* [Exercise goal]
Copy down all of the data underneath, exactly as shown.

Extracted records:
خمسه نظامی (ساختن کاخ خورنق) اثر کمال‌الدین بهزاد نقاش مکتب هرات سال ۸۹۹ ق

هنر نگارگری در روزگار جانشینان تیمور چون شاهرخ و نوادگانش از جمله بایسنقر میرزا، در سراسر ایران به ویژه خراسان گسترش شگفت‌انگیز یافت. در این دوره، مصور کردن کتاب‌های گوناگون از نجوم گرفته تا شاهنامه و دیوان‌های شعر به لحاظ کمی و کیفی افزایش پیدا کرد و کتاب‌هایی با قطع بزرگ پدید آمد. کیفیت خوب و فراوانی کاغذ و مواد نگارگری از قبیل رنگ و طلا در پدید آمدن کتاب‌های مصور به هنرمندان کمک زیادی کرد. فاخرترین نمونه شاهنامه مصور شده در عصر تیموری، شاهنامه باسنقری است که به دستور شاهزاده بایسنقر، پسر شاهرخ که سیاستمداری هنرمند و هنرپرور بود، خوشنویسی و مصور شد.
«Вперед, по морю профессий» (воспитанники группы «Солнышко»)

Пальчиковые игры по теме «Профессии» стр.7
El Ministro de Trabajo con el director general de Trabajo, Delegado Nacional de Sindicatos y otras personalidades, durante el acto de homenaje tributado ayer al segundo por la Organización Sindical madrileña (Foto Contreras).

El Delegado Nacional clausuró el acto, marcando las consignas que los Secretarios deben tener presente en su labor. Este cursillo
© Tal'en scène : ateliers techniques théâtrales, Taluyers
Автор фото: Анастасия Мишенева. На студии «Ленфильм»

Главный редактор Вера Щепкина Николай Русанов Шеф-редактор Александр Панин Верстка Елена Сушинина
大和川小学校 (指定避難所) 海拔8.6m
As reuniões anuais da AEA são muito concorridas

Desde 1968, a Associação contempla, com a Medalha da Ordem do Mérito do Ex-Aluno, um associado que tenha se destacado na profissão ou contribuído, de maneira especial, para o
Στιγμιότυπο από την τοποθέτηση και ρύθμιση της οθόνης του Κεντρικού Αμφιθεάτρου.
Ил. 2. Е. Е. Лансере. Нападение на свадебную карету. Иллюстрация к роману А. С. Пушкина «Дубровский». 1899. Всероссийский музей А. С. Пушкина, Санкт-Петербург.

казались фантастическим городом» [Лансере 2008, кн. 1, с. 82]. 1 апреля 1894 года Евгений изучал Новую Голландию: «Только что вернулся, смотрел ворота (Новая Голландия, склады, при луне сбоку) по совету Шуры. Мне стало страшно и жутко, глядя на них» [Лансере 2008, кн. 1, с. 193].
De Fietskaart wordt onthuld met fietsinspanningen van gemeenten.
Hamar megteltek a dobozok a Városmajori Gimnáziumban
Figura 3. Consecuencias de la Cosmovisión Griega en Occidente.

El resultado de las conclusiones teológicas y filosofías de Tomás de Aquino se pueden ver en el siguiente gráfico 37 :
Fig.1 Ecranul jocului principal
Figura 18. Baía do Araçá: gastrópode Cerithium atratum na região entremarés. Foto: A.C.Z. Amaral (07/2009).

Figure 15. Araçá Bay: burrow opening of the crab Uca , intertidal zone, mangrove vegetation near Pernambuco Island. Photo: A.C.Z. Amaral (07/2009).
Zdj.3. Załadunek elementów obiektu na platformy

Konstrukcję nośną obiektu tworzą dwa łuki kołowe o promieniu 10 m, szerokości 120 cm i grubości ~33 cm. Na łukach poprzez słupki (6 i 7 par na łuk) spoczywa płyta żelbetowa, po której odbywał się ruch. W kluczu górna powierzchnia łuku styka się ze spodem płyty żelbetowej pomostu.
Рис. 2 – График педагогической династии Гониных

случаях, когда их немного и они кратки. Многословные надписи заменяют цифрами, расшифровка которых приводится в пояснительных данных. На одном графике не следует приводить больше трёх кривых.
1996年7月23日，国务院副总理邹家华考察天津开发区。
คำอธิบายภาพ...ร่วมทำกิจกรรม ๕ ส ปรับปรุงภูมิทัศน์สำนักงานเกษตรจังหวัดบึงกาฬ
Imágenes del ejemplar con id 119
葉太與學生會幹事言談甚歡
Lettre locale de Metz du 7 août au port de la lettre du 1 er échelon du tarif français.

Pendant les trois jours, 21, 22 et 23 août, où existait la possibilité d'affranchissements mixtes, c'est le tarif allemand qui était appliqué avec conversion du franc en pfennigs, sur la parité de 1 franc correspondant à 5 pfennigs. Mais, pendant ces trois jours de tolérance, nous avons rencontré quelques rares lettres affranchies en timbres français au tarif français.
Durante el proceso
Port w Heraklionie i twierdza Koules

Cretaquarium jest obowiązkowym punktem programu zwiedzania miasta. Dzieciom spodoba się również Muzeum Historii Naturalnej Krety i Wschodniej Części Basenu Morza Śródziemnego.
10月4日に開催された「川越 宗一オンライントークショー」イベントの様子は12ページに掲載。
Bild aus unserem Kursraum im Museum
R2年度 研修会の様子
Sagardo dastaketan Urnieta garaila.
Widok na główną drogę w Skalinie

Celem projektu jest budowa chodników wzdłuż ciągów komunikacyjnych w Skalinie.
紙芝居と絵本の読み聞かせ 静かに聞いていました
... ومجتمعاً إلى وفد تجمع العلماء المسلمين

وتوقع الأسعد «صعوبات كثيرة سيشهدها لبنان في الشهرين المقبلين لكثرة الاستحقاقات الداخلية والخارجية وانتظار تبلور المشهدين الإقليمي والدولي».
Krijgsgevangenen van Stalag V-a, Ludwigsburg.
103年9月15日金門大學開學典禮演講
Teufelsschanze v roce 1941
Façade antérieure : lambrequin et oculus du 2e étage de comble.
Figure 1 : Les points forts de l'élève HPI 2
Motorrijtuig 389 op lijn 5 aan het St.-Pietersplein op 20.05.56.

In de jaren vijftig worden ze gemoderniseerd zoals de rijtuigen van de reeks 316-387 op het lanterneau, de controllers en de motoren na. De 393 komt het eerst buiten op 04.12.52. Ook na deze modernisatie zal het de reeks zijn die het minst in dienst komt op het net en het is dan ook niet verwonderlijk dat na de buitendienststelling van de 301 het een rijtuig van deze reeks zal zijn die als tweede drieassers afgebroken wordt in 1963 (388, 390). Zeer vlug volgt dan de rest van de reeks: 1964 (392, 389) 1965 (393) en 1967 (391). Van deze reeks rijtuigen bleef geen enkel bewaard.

* [Exercise output]
خمسه نظامی (ساختن کاخ خورنق) اثر کمال‌الدین بهزاد نقاش مکتب هرات سال ۸۹۹ ق

هنر نگارگری در روزگار جانشینان تیمور چون شاهرخ و نوادگانش از جمله بایسنقر میرزا، در سراسر ایران به ویژه خراسان گسترش شگفت‌انگیز یافت. در این دوره، مصور کردن کتاب‌های گوناگون از نجوم گرفته تا شاهنامه و دیوان‌های شعر به لحاظ کمی و کیفی افزایش پیدا کرد و کتاب‌هایی با قطع بزرگ پدید آمد. کیفیت خوب و فراوانی کاغذ و مواد نگارگری از قبیل رنگ و طلا در پدید آمدن کتاب‌های مصور به هنرمندان کمک زیادی کرد. فاخرترین نمونه شاهنامه مصور شده در عصر تیموری، شاهنامه باسنقری است که به دستور شاهزاده بایسنقر، پسر شاهرخ که سیاستمداری هنرمند و هنرپرور بود، خوشنویسی و مصور شد.
«Вперед, по морю профессий» (воспитанники группы «Солнышко»)

Пальчиковые игры по теме «Профессии» стр.7
El Ministro de Trabajo con el director general de Trabajo, Delegado Nacional de Sindicatos y otras personalidades, durante el acto de homenaje tributado ayer al segundo por la Organización Sindical madrileña (Foto Contreras).

El Delegado Nacional clausuró el acto, marcando las consignas que los Secretarios deben tener presente en su labor. Este cursillo
© Tal'en scène : ateliers techniques théâtrales, Taluyers
Автор фото: Анастасия Мишенева. На студии «Ленфильм»

Главный редактор Вера Щепкина Николай Русанов Шеф-редактор Александр Панин Верстка Елена Сушинина
大和川小学校 (指定避難所) 海拔8.6m
As reuniões anuais da AEA são muito concorridas

Desde 1968, a Associação contempla, com a Medalha da Ordem do Mérito do Ex-Aluno, um associado que tenha se destacado na profissão ou contribuído, de maneira especial, para o
Στιγμιότυπο από την τοποθέτηση και ρύθμιση της οθόνης του Κεντρικού Αμφιθεάτρου.
Ил. 2. Е. Е. Лансере. Нападение на свадебную карету. Иллюстрация к роману А. С. Пушкина «Дубровский». 1899. Всероссийский музей А. С. Пушкина, Санкт-Петербург.

казались фантастическим городом» [Лансере 2008, кн. 1, с. 82]. 1 апреля 1894 года Евгений изучал Новую Голландию: «Только что вернулся, смотрел ворота (Новая Голландия, склады, при луне сбоку) по совету Шуры. Мне стало страшно и жутко, глядя на них» [Лансере 2008, кн. 1, с. 193].
De Fietskaart wordt onthuld met fietsinspanningen van gemeenten.
Hamar megteltek a dobozok a Városmajori Gimnáziumban
Figura 3. Consecuencias de la Cosmovisión Griega en Occidente.

El resultado de las conclusiones teológicas y filosofías de Tomás de Aquino se pueden ver en el siguiente gráfico 37 :
Fig.1 Ecranul jocului principal
Figura 18. Baía do Araçá: gastrópode Cerithium atratum na região entremarés. Foto: A.C.Z. Amaral (07/2009).

Figure 15. Araçá Bay: burrow opening of the crab Uca , intertidal zone, mangrove vegetation near Pernambuco Island. Photo: A.C.Z. Amaral (07/2009).
Zdj.3. Załadunek elementów obiektu na platformy

Konstrukcję nośną obiektu tworzą dwa łuki kołowe o promieniu 10 m, szerokości 120 cm i grubości ~33 cm. Na łukach poprzez słupki (6 i 7 par na łuk) spoczywa płyta żelbetowa, po której odbywał się ruch. W kluczu górna powierzchnia łuku styka się ze spodem płyty żelbetowej pomostu.
Рис. 2 – График педагогической династии Гониных

случаях, когда их немного и они кратки. Многословные надписи заменяют цифрами, расшифровка которых приводится в пояснительных данных. На одном графике не следует приводить больше трёх кривых.
1996年7月23日，国务院副总理邹家华考察天津开发区。
คำอธิบายภาพ...ร่วมทำกิจกรรม ๕ ส ปรับปรุงภูมิทัศน์สำนักงานเกษตรจังหวัดบึงกาฬ
Imágenes del ejemplar con id 119
葉太與學生會幹事言談甚歡
Lettre locale de Metz du 7 août au port de la lettre du 1 er échelon du tarif français.

Pendant les trois jours, 21, 22 et 23 août, où existait la possibilité d'affranchissements mixtes, c'est le tarif allemand qui était appliqué avec conversion du franc en pfennigs, sur la parité de 1 franc correspondant à 5 pfennigs. Mais, pendant ces trois jours de tolérance, nous avons rencontré quelques rares lettres affranchies en timbres français au tarif français.
Durante el proceso
Port w Heraklionie i twierdza Koules

Cretaquarium jest obowiązkowym punktem programu zwiedzania miasta. Dzieciom spodoba się również Muzeum Historii Naturalnej Krety i Wschodniej Części Basenu Morza Śródziemnego.
10月4日に開催された「川越 宗一オンライントークショー」イベントの様子は12ページに掲載。
Bild aus unserem Kursraum im Museum
R2年度 研修会の様子
Sagardo dastaketan Urnieta garaila.
Widok na główną drogę w Skalinie

Celem projektu jest budowa chodników wzdłuż ciągów komunikacyjnych w Skalinie.
紙芝居と絵本の読み聞かせ 静かに聞いていました
... ومجتمعاً إلى وفد تجمع العلماء المسلمين

وتوقع الأسعد «صعوبات كثيرة سيشهدها لبنان في الشهرين المقبلين لكثرة الاستحقاقات الداخلية والخارجية وانتظار تبلور المشهدين الإقليمي والدولي».
Krijgsgevangenen van Stalag V-a, Ludwigsburg.
103年9月15日金門大學開學典禮演講
Teufelsschanze v roce 1941
Façade antérieure : lambrequin et oculus du 2e étage de comble.
Figure 1 : Les points forts de l'élève HPI 2
Motorrijtuig 389 op lijn 5 aan het St.-Pietersplein op 20.05.56.

In de jaren vijftig worden ze gemoderniseerd zoals de rijtuigen van de reeks 316-387 op het lanterneau, de controllers en de motoren na. De 393 komt het eerst buiten op 04.12.52. Ook na deze modernisatie zal het de reeks zijn die het minst in dienst komt op het net en het is dan ook niet verwonderlijk dat na de buitendienststelling van de 301 het een rijtuig van deze reeks zal zijn die als tweede drieassers afgebroken wordt in 1963 (388, 390). Zeer vlug volgt dan de rest van de reeks: 1964 (392, 389) 1965 (393) en 1967 (391). Van deze reeks rijtuigen bleef geen enkel bewaard.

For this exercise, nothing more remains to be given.